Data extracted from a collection
BEGIN

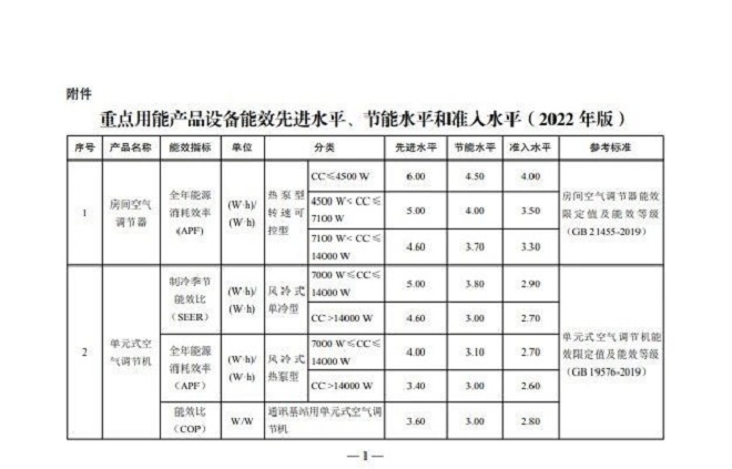 附件:重點用能產品設備能效先進水平、節能水平和準入水平(2022年版)
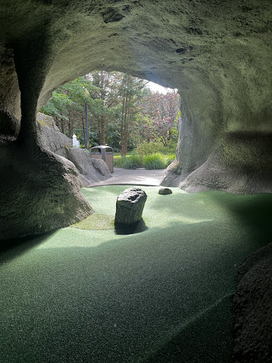 Today my 7 year old son and I visited Crystal Caves. We enjoyed the mini golf course. They do not have windmills and other distractors, but the holes were challenging, using a lot of elevation changes, rocks, and turns to create difficulty. The landscaping was pleasant with many flowering shrubs and plants throughout the 18 holes. The two holes that are inside a cave were a big hit! The holes that were closer to the road were a bit noisy, but that is not the fault of Crystal Caves.
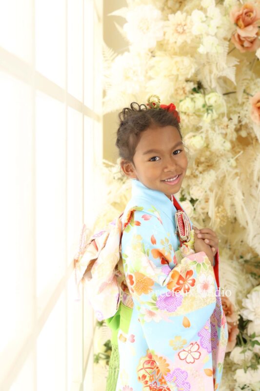 今回は海外から一時帰国で七五三の撮影に来てくれた笑顔が素敵な女の子と
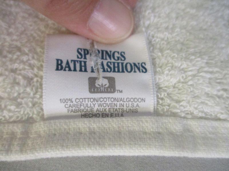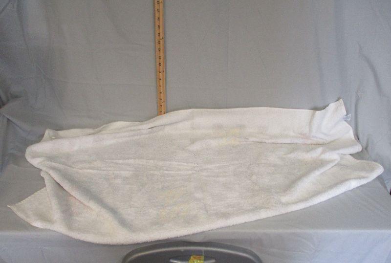 This towel doesn't appear to have been used. The pattern on one have is repeated on the other half. It measures about 46" x 27.5" and is 100% cotton.
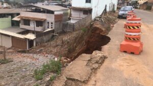 As água das chuvas abriram uma cratera na junção das rua João Ludigerio Miranda e Jacob Lopes de Castro, no bairro São José, em Viçosa. Cristimar do Vale Castro, chefe
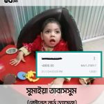 আমরা এই ছোট্ট সোনামণির জন্য এক মাসের ১২ টি থেরাপি বাবদ মোট ৪,৮০০/- টাকা দিতে পেরেছি।
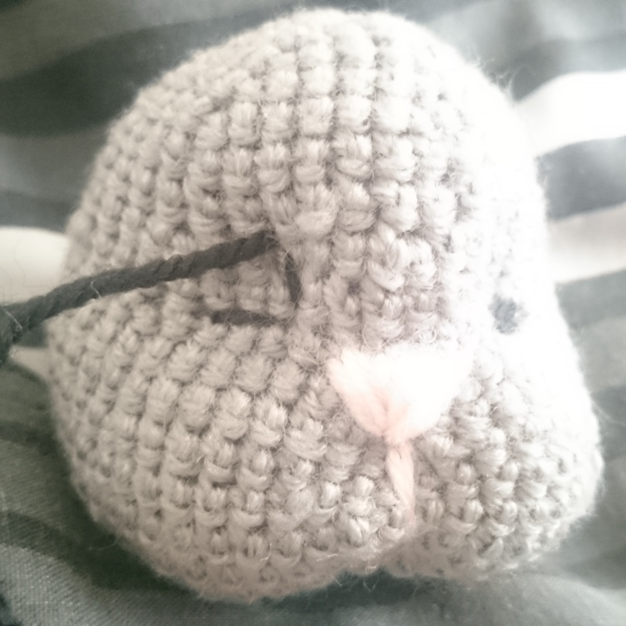 Using gray coloured yarn single crochet around the ears. I have a feeeling it would look better with a furry yarn.
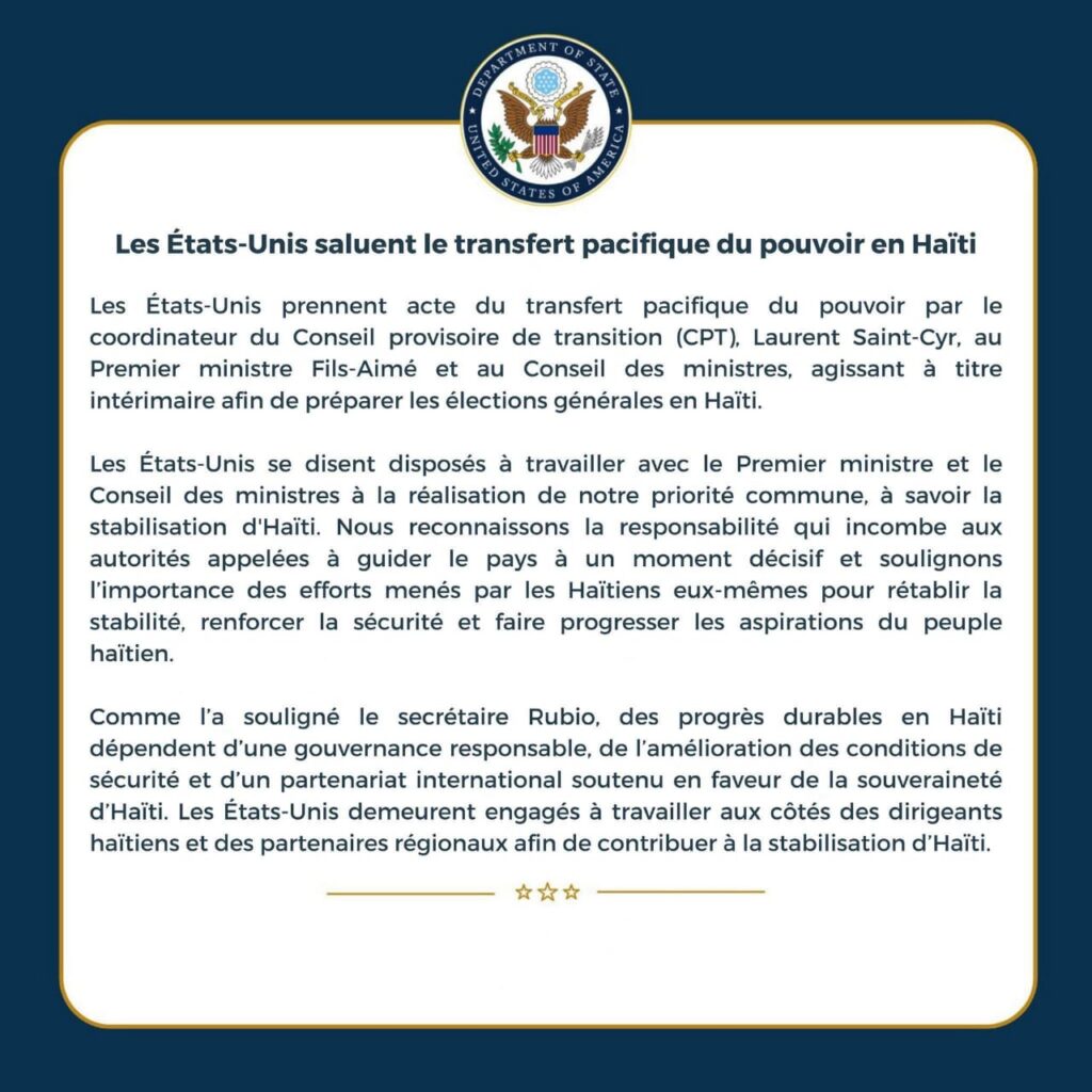 Dans une déclaration, les autorités américaines ont indiqué être « disposées à travailler avec le Premier ministre et le Conseil des ministres à la réalisation de notre priorité commune, à savoir la stabilisation d’Haïti ». Elles ont également reconnu « la responsabilité qui incombe aux autorités appelées à guider le pays à un moment décisif », tout en soulignant « l’importance des efforts menés par les Haïtiens eux-mêmes pour rétablir la stabilité, renforcer la sécurité et faire progresser les aspirations du peuple haïtien ».

END

#### Try it:
Write the lines from the one containing "Using gray coloured" through the end of the data above exactly as they appear, and do not carry over any picture.

#### Exercise answer:
 Using gray coloured yarn single crochet around the ears. I have a feeeling it would look better with a furry yarn.
 Dans une déclaration, les autorités américaines ont indiqué être « disposées à travailler avec le Premier ministre et le Conseil des ministres à la réalisation de notre priorité commune, à savoir la stabilisation d’Haïti ». Elles ont également reconnu « la responsabilité qui incombe aux autorités appelées à guider le pays à un moment décisif », tout en soulignant « l’importance des efforts menés par les Haïtiens eux-mêmes pour rétablir la stabilité, renforcer la sécurité et faire progresser les aspirations du peuple haïtien ».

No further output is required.